-- WHAT YOU HAVE TO DO --
Could you write out, exactly as they stand, only the lines in the listing below from the line with "7月5日18:00左右,MOL CHARISMA轮航行至头顿以南约 180" to the line with "thermal oil, refrigerants", both ends included, without the pictures?

-- SUPPLIED INFORMATION --
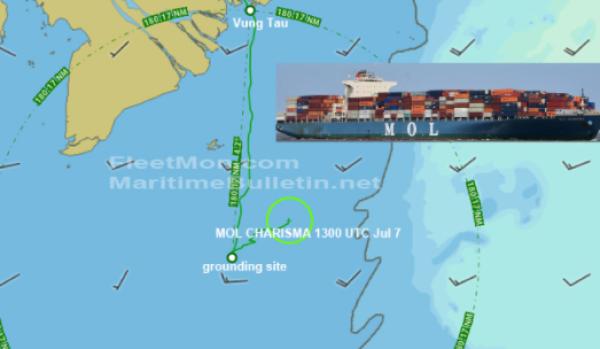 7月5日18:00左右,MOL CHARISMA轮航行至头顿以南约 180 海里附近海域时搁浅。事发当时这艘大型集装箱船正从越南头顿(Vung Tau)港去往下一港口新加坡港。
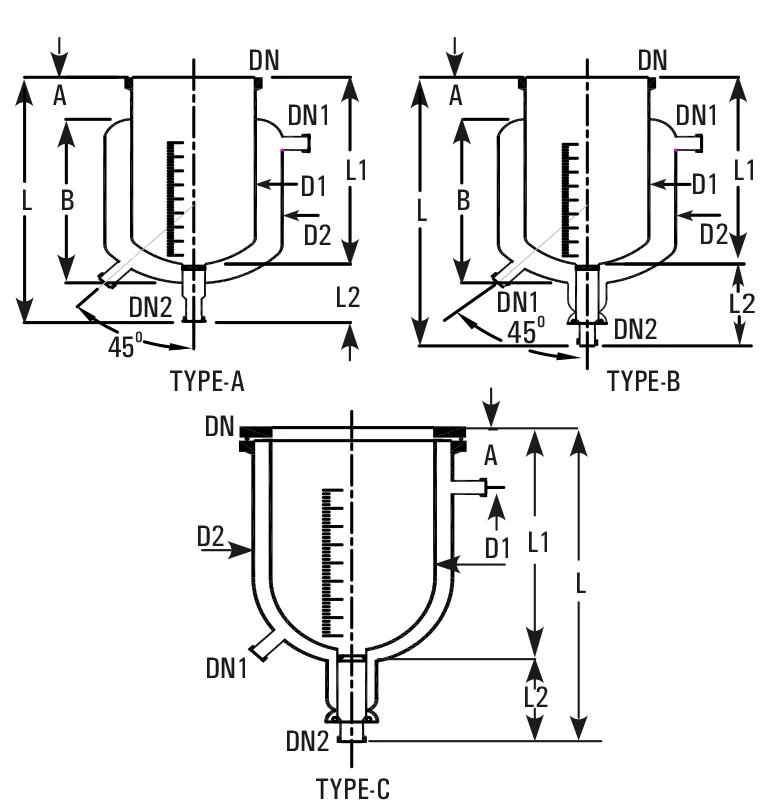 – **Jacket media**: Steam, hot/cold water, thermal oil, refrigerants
...
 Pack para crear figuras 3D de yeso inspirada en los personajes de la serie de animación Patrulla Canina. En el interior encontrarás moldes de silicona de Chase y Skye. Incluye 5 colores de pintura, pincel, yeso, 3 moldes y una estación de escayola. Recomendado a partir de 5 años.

-- TASK SOLUTION --
 7月5日18:00左右,MOL CHARISMA轮航行至头顿以南约 180 海里附近海域时搁浅。事发当时这艘大型集装箱船正从越南头顿(Vung Tau)港去往下一港口新加坡港。
 – **Jacket media**: Steam, hot/cold water, thermal oil, refrigerants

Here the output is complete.